Усиление России в Тихоокеанском регионе имело важные последствия для политики Японской и Цинской империй. Страх того, что Россия завладеет Маньчжурией и Кореей, способствовал появлению паназиатского дискурса, сформулированного как необходимость сотрудничества Японии, Цинской империи и Кореи против Запада (в данном случае представленного Россией), а также «ответной» японской экспансии, начавшейся в 1874–1875 годах[13]. Кроме того, передача России Цинских земель способствовала отмене запретов на переселение китайцев-хань в Маньчжурию в 1878 году, а позднее и отмене системы Восьми знамен, взамен которой в 1907 году в Маньчжурии были созданы три провинции[14].

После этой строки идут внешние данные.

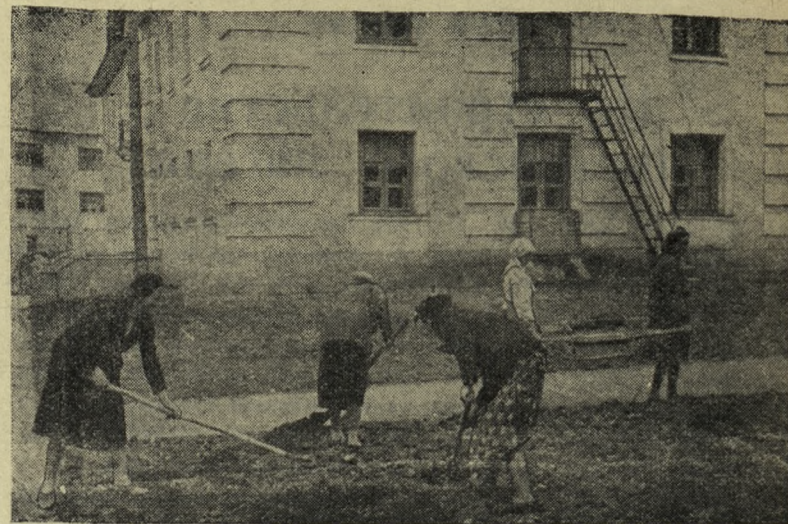
Большую помощь оказывают в благоустройстве своего поселка жители Соцгорода.

Любовное отношение к своему делу, наблюдательность и внимание во время работы, постоянное стремление не стоять на месте, а двигаться вперед — все это помогает мне совершенствовать свое мастерство, поднимать производительность. Совсем недавно мы бурили за смену по 2 погонных метра, а сейчас моя выработка, как правило, достигает 6 метров, а иногда и 8. Но я уверен, что это не предел, можно поднять производительность станков еще выше. Нужно только, чтобы за это постоянно боролись все — от машиниста до начальника рудника.

Симодский трактат (1855 г.) и Санкт-Петербургский договор (1875 г.) с Японией, закрепивший за Россией Сахалин, а также продажа Аляски США (1867 г.) установили морскую границу Приамурского края. В 1860–1870-е годы, когда основным направлением российской экспансии стали Средняя Азия и Балканы, Приамурье в значительной степени оказалось забыто. Но после того как на Берлинском конгрессе 1878 года не удалось защитить российские интересы в «восточном вопросе», государство опять проявило интерес к Приамурью, создав в 1880 году Владивостокское военное губернаторство, подчиненное морскому ведомству. Впрочем, отдаленность региона от Европейской России, малочисленность его населения и незначительная численность находившихся в регионе войск стали препятствием для дальнейшей экспансии, и в 1888 году Владивосток вновь стал частью Приморской области. Однако именно в 1880-е годы термин «Дальний Восток», с середины XIX столетия обозначавший Азиатско-Тихоокеанский регион, стал использоваться по отношению к Приамурью[15] и Приморью, что свидетельствовало об интересе российских элит к «дальневосточному вопросу» – растущему соперничеству Японии, США и европейских держав в Азиатско-Тихоокеанском регионе вообще и в Цинской империи в частности[16].

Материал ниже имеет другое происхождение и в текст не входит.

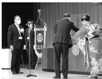
「袁さん(米山学友)、アインさん(米山奨学生)、介添え頑張りました！」
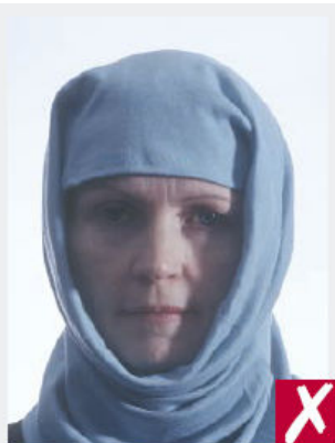
Ombres sur le visage
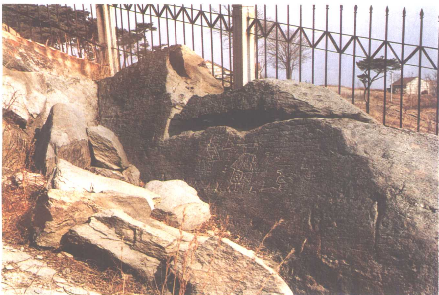
图七 中国连云港岩刻《房屋》

Тройственная дипломатическая интервенция (1895 г.) России, Германии и Франции после Японо-китайской войны 1894–1895 гг. дала старт новой волне империализма на территории Цинской империи, и, подобно другим державам, вовлеченным в дальневосточный вопрос, Россия стала обладательницей экстерриториальных владений и железнодорожных концессий. Она получила концессию на строительство Китайско-Восточной железной дороги (1896 г.), а также право аренды южной оконечности Ляодунского полуострова в Маньчжурии (1898 г.) и незначительные по размеру концессии в Ханькоу (1896 г.) и Тяньцзине (1900 г.). Однако, в отличие от построенной французами железной дороги Куньмин – Хайфон (1904–1910 гг.) и других иностранных инфраструктурных проектов, КВЖД (1898–1903 гг.) играла важнейшую роль во внутренней топологии Российской империи, став одним из участков Транссибирской магистрали (1891–1916 гг.) – главной транспортной артерии, соединявшей Европейскую Россию с побережьем Тихого океана[17].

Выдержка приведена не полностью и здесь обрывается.